When our children – Andrew and Naomi – were this age, Rebekah and I were just thirty-one. In some respects, looking over our shoulders, 1987 seems like it was just yesterday. Then in others, looking over our shoulders hurts too much because our necks are over sixty years old!

I have to admit it, I simply don’t have that level of durability anymore. Mentally, I feel as young as I ever have; spiritually, I’m actually adding capacity, flexibility, and facility; but physically I simply can’t grandparent at the speed I’d like to.

But maybe that’s the point; maybe it’s part of the balance and the design of it all. My job as Grandaddy Derek is to love David and Beks with the cumulative love of all these decades, to nurture them spiritually in ways I’m only now beginning to grow into, and to share with them the stories I couldn’t possibly have known thirty years ago because I had yet to live them.

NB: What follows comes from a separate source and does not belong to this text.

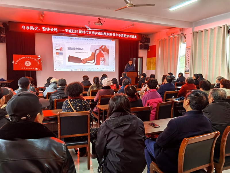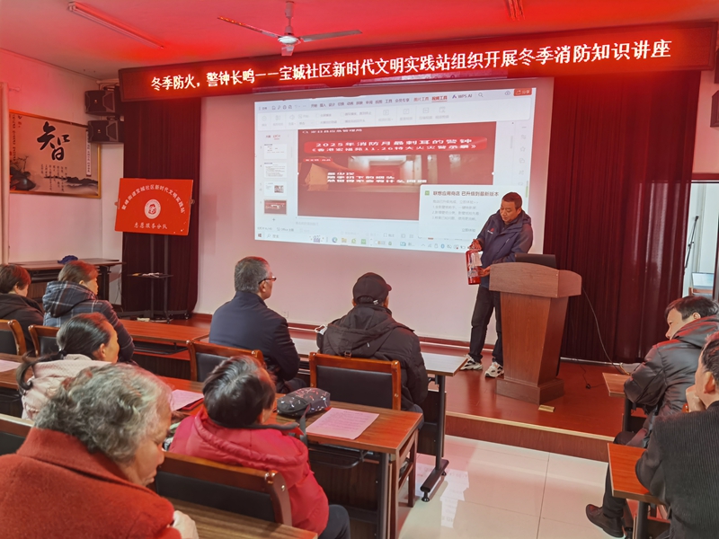 市场星报、安徽财经网(www.ahcaijing.com)、掌中安徽讯(曹开发)冬季天干物燥,是火灾事故的高发期。为切实增强居民的消防安全意识,提升火灾防范与应急处置能力,12月23日上午,宣城市宝城社区新时代文明实践站组织开展了一场主题为“冬季防火,警钟长鸣”为主题的冬季消防安全知识,活动邀请了金鑫消防公司专业人员前来授课,吸引了社区党员以及居民群众的积极参与。
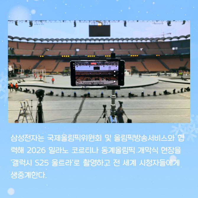 [프라임경제] 삼성전자(005930)는 국제올림픽위원회(IOC), 올림픽방송서비스(OBS)와 협력해 2026 밀라노 코르티나 동계올림픽 개막식 현장을 '갤럭시 S25 울트라'로 촬영하고 전 세계 시청자들에게 생중계한다고 4일 밝혔다.

My job as Grandaddy Derek is to love David and Beks with the cumulative love of all these decades, to nurture them spiritually in ways I’m only now beginning to grow into, and to share with them the stories I couldn’t possibly have known thirty years ago because I had yet to live them.

IMG_9054It’s all good. And though it won’t be too long before I have to say, “I believe you’re a little big for me to carry up the stairs to bed,” my aching back managed it again this time, and – just as soon as I’m recovered – I’ll more than likely do it again…

…. And by then maybe Rebekah’s Old Woman Stories will have to expand a little to accommodate an old man.

– DEREK

Living with enthusiasm and joy! (The Grandaddy Letters)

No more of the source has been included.